Sometimes it's the result of experience--there was a study done in the Netherlands with pain perception as measured by tolerance to immersion in hot (not scalding--just hot like hot bath, jacuzzi and dishwashing hot) water. Veterans with PTSD (from the Bosnian crises) showed significantly higher tolerance for heat-induced pain than veterans without PTSD.

If you were to use any painful stimulus that could be (ethically and safely) delivered to study subjects (for example, an electric shock at a given voltage and amperage) and then deliver the minimum amount of a given drug which would block that pain, I hypothesize that the amount of drug required would vary tremendously from subject to subject based on life history, life experience, physiology, sex, age and perhaps even geography or weather conditions.

Given this variability, a doctor can not reasonably be expected to prescribe pain medication based on anything other than an educated guess.


In the case of vague symptoms like pain the effectiveness is close to 2/3 by the way.

Part of the problem with vague symptoms, especially vague or diffuse pain, is that a diagnosis and evidence-based treatment plan for those vague symptoms may be difficult or impossible. Lyme disease, which has a very clear etiology and treatment, is a good example of a disease which often goes undiagnosed and untreated for weeks, months or years because the symptoms are vague and nonspecific (except for the target rash, which may well be gone by the time the patient seeks treatment). There is a significant frustration component as well when a patient experiences vague, nonspecific symptoms not amenable to quick diagnosis and specific treatment. The patient may be seen as a "whiner" or "drug seeking", because it's nearly impossible to distinguish between legitimate distress and declared distress in order to gain attention or drugs.

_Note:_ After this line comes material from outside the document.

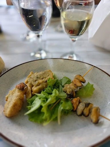 The food though, probably worst meal I've ever had when eating out. My mom and I both got the fixed menu, started off with plates of appetizers, none which really had flavor... Also if you want flavor (pepper, cheese, etc.) It all comes in plastic containers. Our first plate was lobster pasta that didn't have lobster and I had fried weird pesto pasta... Both extremely salty and not good. Dinner was the fried seafood... shrimp was fried in the shell so almost impossible to eat. I had stuffed mussels, but couldn't tell what they were stuffed with as it tasted like mush..

A patient (with legitimate but vague symptoms) may feel relief as the result of being handed a bottle of tablets which the doctor claims will treat the problem, and that psychological relief may lead to a perception of physical relief as well.

Which again is why we skeptics rail against such things as acupuncture or Reiki. Because they show no more benefit than placebo. i/e random shot-in-the-dark roll-of-the-dice chance.

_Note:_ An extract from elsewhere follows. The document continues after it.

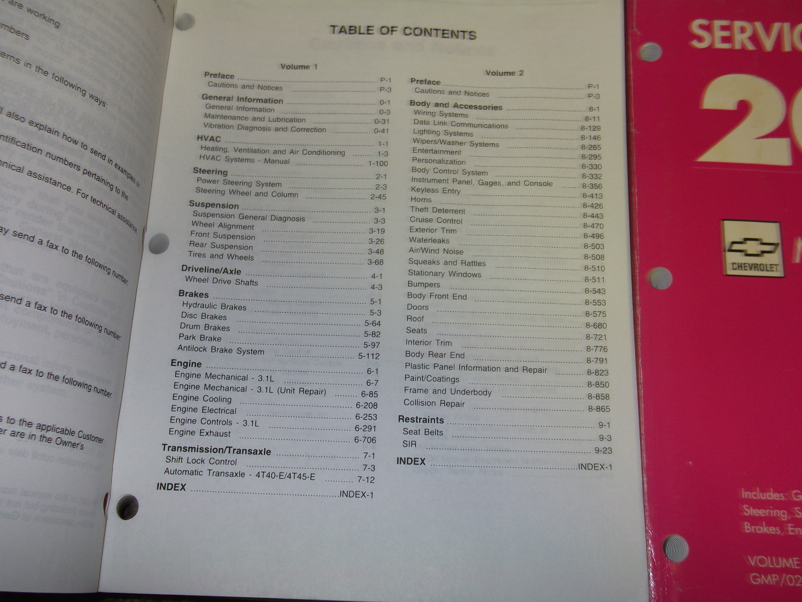2002 Manuale di servizio Chevy Malibu e manuali di riparazione dell'unita di trasmissione GM

The effectiveness or not of a placebo is not the same as chance. At least not more than any other medication I know of.

I rile against acupuncture or reiki because they make claims they cannot uphold. I especially rile against alternative medicine when it purports to offer treatment for curable diseases when this treatment doesn't work, which can lead to fatal outcomes.

Personally, I am ambivalent in the use of alternative treatments for the treatment of symptoms or for the treatment of vague complaints or socalled MUPS (Medically Unexplained Physical Symptoms). Here, conventional medicine cannot cure the disease, or cannot even given an answer as to the underlying causes (which may well be psychological). Alternative treatments may well provide relief here and I'm not wholly against using it in these cases.

And even when I go to a casino, to play a game of chance, I want to know the rules first, I want to be fully informed. If the Casino is rigging the game and hiding the real odds from me, we call it fraud. Same so with a doctor, a butcher, a baker or a brewer.

I don't know whether I agree with you if successful treatment with a placebo leads to a better quality of life.